President Barack Obama said in an interview that was broadcast on Sunday that he was “modestly optimistic” about the possibility of reaching agreement with Republicans on a budget before the end of the year but denied responsibility for failing to avert the “fiscal cliff” so far.
Unless Democrats and Republicans act before the end of the year, $100 billion in spending cuts and $440 billion in tax increases will be automatically enacted. Economists believe that as a result of this “fiscal cliff,” the country may plunge back into recession. But the two political parties are far apart on what should be done to avoid it. Democrats insist that for a deal to be had, taxes on the rich must increase. Republicans would rather cut public spending.
The president said in an interview with NBC’s Meet the Press that he told congressional leaders on Friday, “If they can’t do a comprehensive package of smart deficit reduction, let’s at minimum make sure that people’s taxes don’t go up and that two million people don’t lose their unemployment insurance.”
The president wants to let the income tax cuts that were enacted by his predecessor in 2001 and 2003 expire for incomes over $250,000 while Republicans favor extending all of the current tax rates. Administration officials say that’s the only thing standing in the way of a compromise: “a refusal by Republicans to accept that rates shouldn’t have to go up on the wealthiest Americans,” as Treasury Secretary Timothy Geithner put it earlier this month.
President Obama similarly argued on Meet the Press that it wasn’t “because Democrats in Congress don’t want to go ahead and cooperate but because I think it’s been very hard for Speaker [John] Boehner and Republican leader [Mitch] McConnell to accept the fact that taxes on the wealthiest Americans should go up a little bit.”
Obama campaigned on raising taxes on the rich and won reelection in November so he can argue that it’s what the American public wants. However, Republican lawmakers argue that they were reelected as well and on the opposite pledge — not to raise taxes ever.

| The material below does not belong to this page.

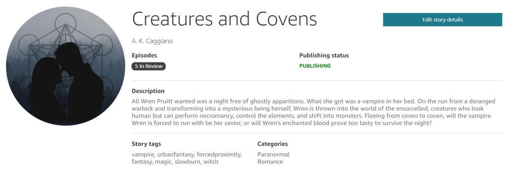 The Amazonians have made the announcement–Kindle Vella goes live “next week” (because giving us an exact date would be way too helpful), so I’ve taken the plunge and have the first five episodes of my super-secret-except-not-really, paranormal romance Creatures and Covens uploaded and in review!

Moreover, Republicans want to limit spending on entitlements which are mainly responsible for ballooning deficit projections for the next ten to twenty years. The president said on Meet the Press that he “offered to make some significant changes to our entitlement programs in order to reduce the deficit” but he has never volunteered specifics.
Comprehensive entitlement and tax reform is needed for fiscal consolidation in the long term but Democrats are just as intransigent in their refusal to cut social spending as Republicans are in their refusal to vote for a tax increase.
Asked about entitlement reform, the president said that he was “prepared to do everything I can to make sure that Medicare and Social Security are there, not just for this generation but for future generations.” Except what Republicans have suggested to do. The president rejected all of their plans for entitlement reform as either unfair, unnecessary or plain wrong.
Pressed on the issue, the president said, “You are not only going to cut your way to prosperity.”
What I ran on and what the American people elected me to do is to put forward a balanced approach to make sure there’s shared sacrifice. […] It is very difficult for me to say to a senior citizen or a student or a mom with a disabled kid: you are going to have to do with less but we’re not going to ask millionaires and billionaires to do more.
Yet in the same interview, he urged Congress to raise taxes now and talk about spending cuts that would be part of a balanced approach later. “If we can get that done,” he said about extending the low-income tax rates for the majority of Americans, “that takes a big bite out of the fiscal cliff. It avoids the worst outcomes and we’re then going to have some tough negotiations in terms of how we continue to reduce the deficit, grow the economy.”
To Republicans, it sounds awfully familiar to what the president has been saying for the last four years. At the same time, they can ill afford politically to be seen as letting taxes go up on middle-class Americans, even if they’re likely to support reducing rates again for most taxpayers after New Year’s when the automatic expiration of the Bush era tax cuts will have freed them of their pledge not to raise taxes.